Main Leighanne R, Song Yeunjoo E, Lynn Audrey, Laux Renee A, Miskimen Kristy L, Osterman Michael D, Cuccaro Michael L, Ogrocki Paula K, Lerner Alan J, Vance Jeffery M, Fuzzell M Denise, Fuzzell Sarada L, Hochstetler Sherri D, Dorfsman Daniel A, Caywood Laura J, Prough Michael B, Adams Larry D, Clouse Jason E, Herington Sharlene D, Scott William K, Pericak-Vance Margaret A, Haines Jonathan L
Departments of Genetics and Genome Sciences, Case Western Reserve University, Cleveland, Ohio, USA.

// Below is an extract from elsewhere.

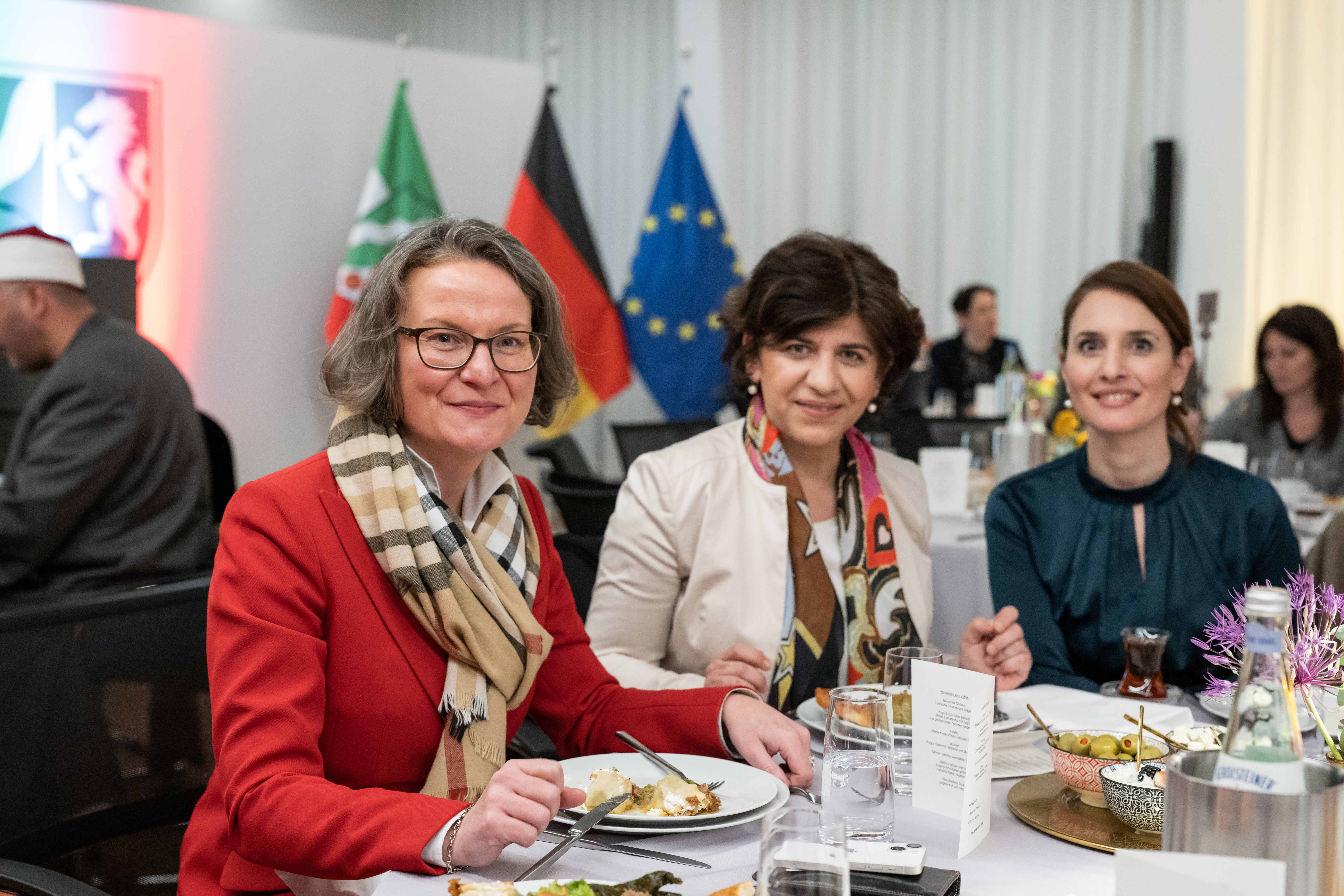 An dem Empfang und gemeinsamen Fastenbrechen im Landeshaus nehmen Vertreterinnen und Vertreter der islamischen Landesverbände, Repräsentanten der Kirchen und der jüdischen Gemeinden, Persönlichkeiten der Landespolitik und Mitglieder des konsularischen Korps in Nordrhein-Westfalen teil.

Department of Population and Quantitative Health Sciences, Case Western Reserve University School of Medicine, Cleveland, Ohio, USA.
Alzheimers Dement. 2025 Jan;21(1):e14356. doi: 10.1002/alz.14356. Epub 2024 Dec 23.

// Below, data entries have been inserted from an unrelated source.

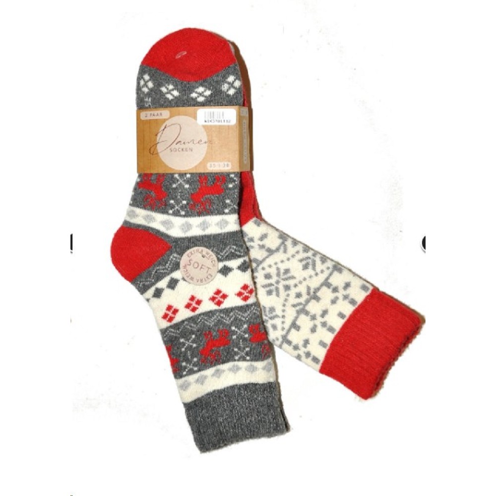 Ponožky dámské 37811 vlněné 2 páry v balení. K zimnímu období neodmyslitelně patří teplé ponožky. Pořiďte si i vy krásně sladěné a teploučké ponožky s vlnou nebo obdarujte své blízké. 2 páry v balenízimní vzorbarvy: červená, šedá, smetanovápevnější, pružný lem řetízkovaná špička materiálové složení: 35% polyester, 30% polyakryl, 20% polyamid, 12% vlna, 3% elastan.
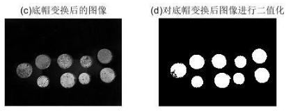 由于原图是背景亮,前景暗,对原图进行底帽变换以解决光照不均匀的问题,这里先给出处理结果,如下图,可以看到底帽变换后的图像删除了大部分非均匀背景,最后阈值处理后,左边的硬币被分割出来,有少量残缺,但是影响不大,后续可以通过形态学的其他处理将残缺补齐。
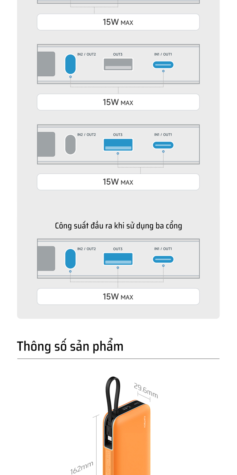 | Số cổng kết nối | 2 × Type-C (hỗ trợ In/Out), 1 × USB-A |
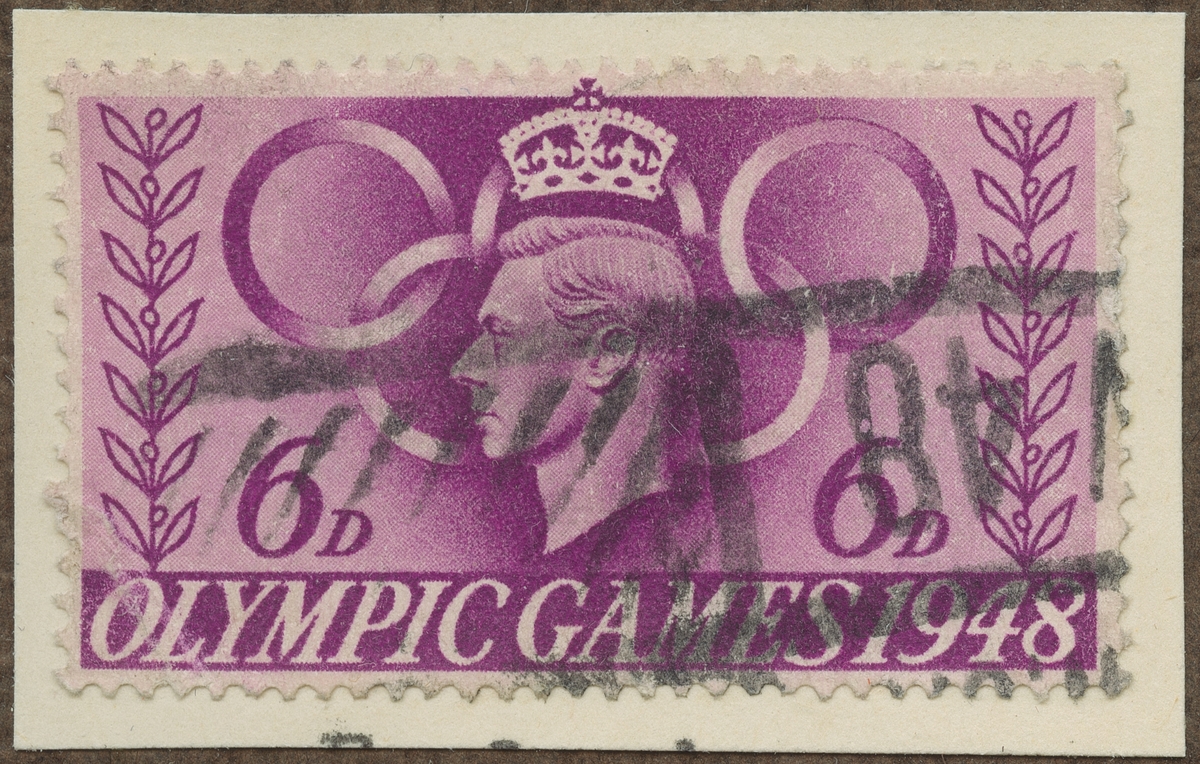 Frimärke från England, 1948. Motiv av de Olympiska 5 ringar 1948.
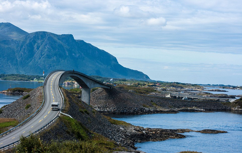 图为挪威大西洋海滨公路的标志性景观斯托尔桑德特桥。(网页截图)
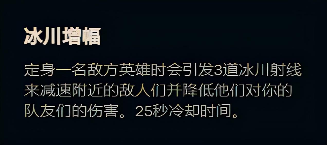 W技能在对线期也可以用于近身,配合E技能加冰川的减速,可以很好的接近对手,即使是坦克型辅助,被巨魔啃一口也是很难受的。
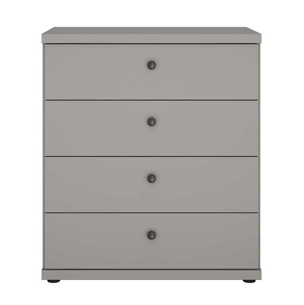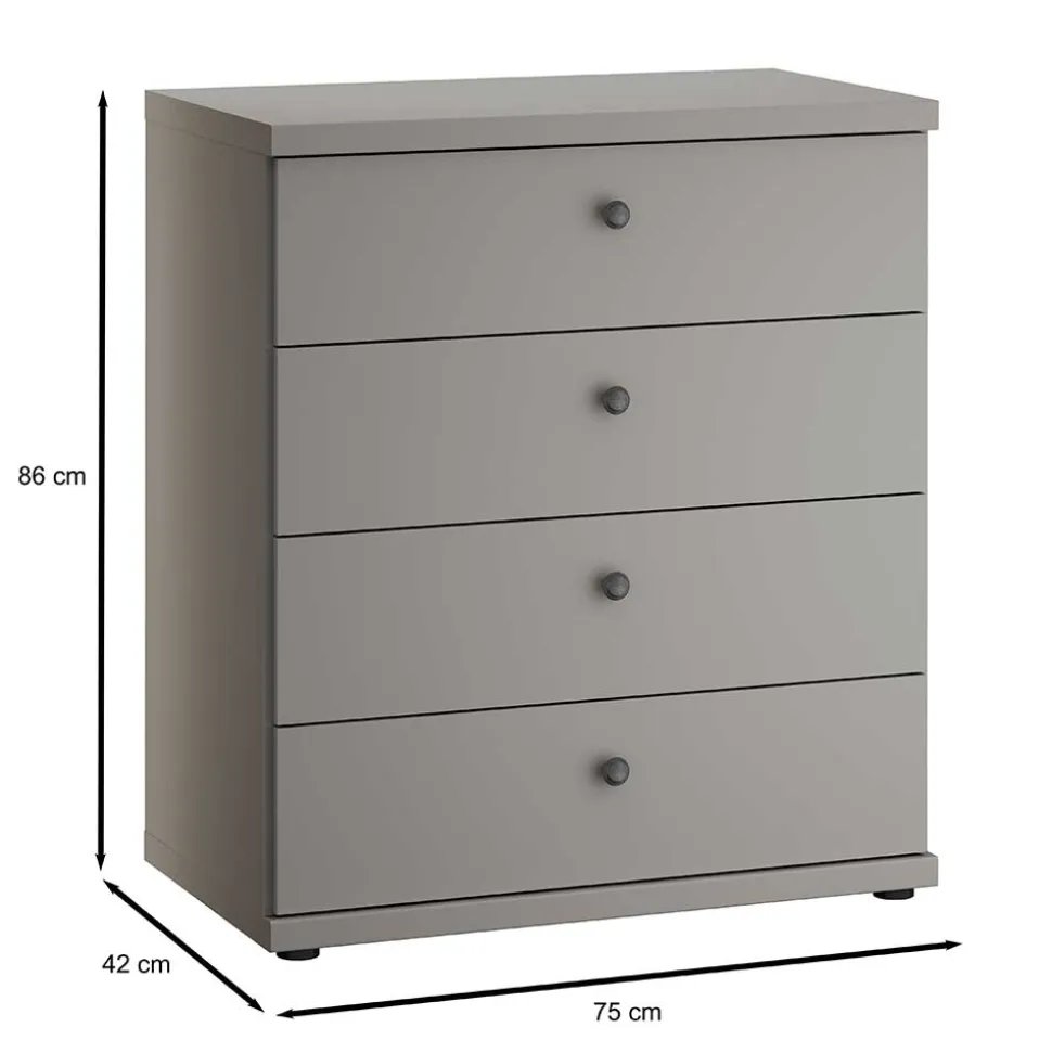 Mit einer Breite von 75 cm, einer Höhe von 86 cm und einer Tiefe von 42 cm bietet die Kommode „Ridonna“ reichlich Stauraum. Die vier geräumigen Schubladen sind mit einem Metallauszug ausgestattet, der ein leichtgängiges und komfortables Öffnen und Schließen gewährleistet. Abgerundet wird das Design durch dezente Knopfgriffe aus Metall in Altsilberfarben, die nicht nur eine edle Optik bieten, sondern auch haptisch überzeugen.

Recently, the O-6-methylguanine-DNA methyltransferase (MGMT) locus was proposed as influencing the risk of Alzheimer's disease (AD) in women who did not carry the apolipoprotein E ε4 allele. We examined an Amish founder population for any influence of genetic variation in and around the MGMT locus on the risk for dementia.
Genetic association was performed for single nucleotide polymorphisms (SNPs) surrounding the MGMT locus. A total of 946 individuals of Amish descent between the ages of 76 and 95 who were classified as cognitively impaired or cognitively unimpaired were included. Multiple statistical models were applied to test for replication.

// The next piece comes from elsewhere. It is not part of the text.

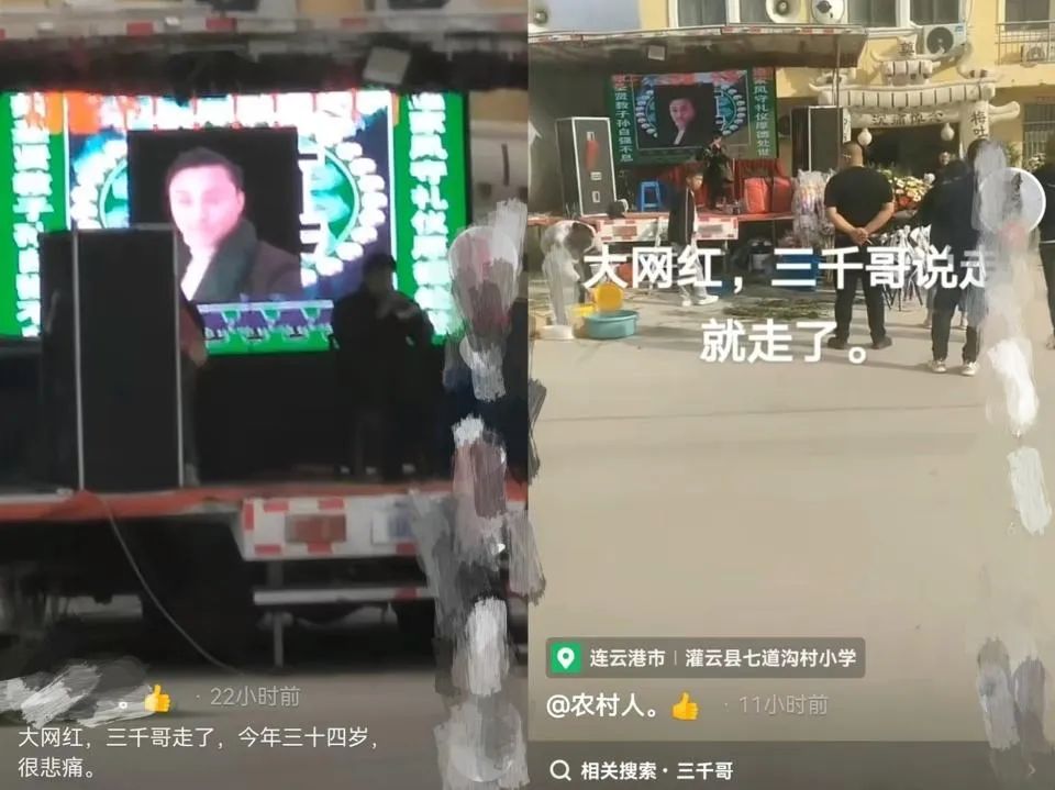 三千哥的邻居曝光了三千哥的葬礼现场视频,视频中有可以看到,三千哥的遗像挂在舞台中央,舞台上还有人吹着哀乐,年纪轻轻就这么走了,邻居透露三千哥已经结婚有孩子了,他的突然离世,妻子和孩子的日子以后就难过了。

The results for the previously associated individual SNPs were not significant. However, a different SNP (rs7909468) generated significant results under a model different from the previous report.
The MGMT locus may influence the risk of AD, although its genetic mechanisms remain unclear and warrant further study.
Association analyses around the O-6-methylguanine-DNA methyltransferase (MGMT) locus showed a study-significant single nucleotide polymorphism (SNP), rs7909468, in a female cognitively impaired group lacking the apolipoprotein E ε4 genotype. Functional implications of rs7909468 are relatively unexplored, but in silico analyses indicate it may regulate MGMT expression. rs7909468 was not in linkage disequilibrium with other SNPs found to be significant in this region and appears as a distinct novel association.
最近,有人提出O-6-甲基鸟嘌呤-DNA甲基转移酶(MGMT)基因座会影响未携带载脂蛋白Eε4等位基因的女性患阿尔茨海默病(AD)的风险。我们在一个阿米什人创始人群体中研究了MGMT基因座及其周围的基因变异对痴呆症风险的影响。
对MGMT基因座周围的单核苷酸多态性(SNP)进行基因关联分析。纳入了946名年龄在76至95岁之间的阿米什后裔个体,他们被分类为认知受损或认知未受损。应用多种统计模型进行重复检验。
先前相关的单个SNP的结果不显著。然而,一个不同的SNP(rs7909468)在一个与先前报告不同的模型下产生了显著结果。
MGMT基因座可能影响AD的风险,尽管其遗传机制仍不清楚,值得进一步研究。
围绕O-6-甲基鸟嘌呤-DNA甲基转移酶(MGMT)基因座的关联分析显示,在一个缺乏载脂蛋白Eε4基因型的女性认知受损组中,一个单核苷酸多态性(SNP)rs7909468具有研究显著性。rs7909468的功能意义相对未被探索,但计算机分析表明它可能调节MGMT的表达。rs7909468与该区域其他显著的SNP不存在连锁不平衡,似乎是一种独特的新型关联。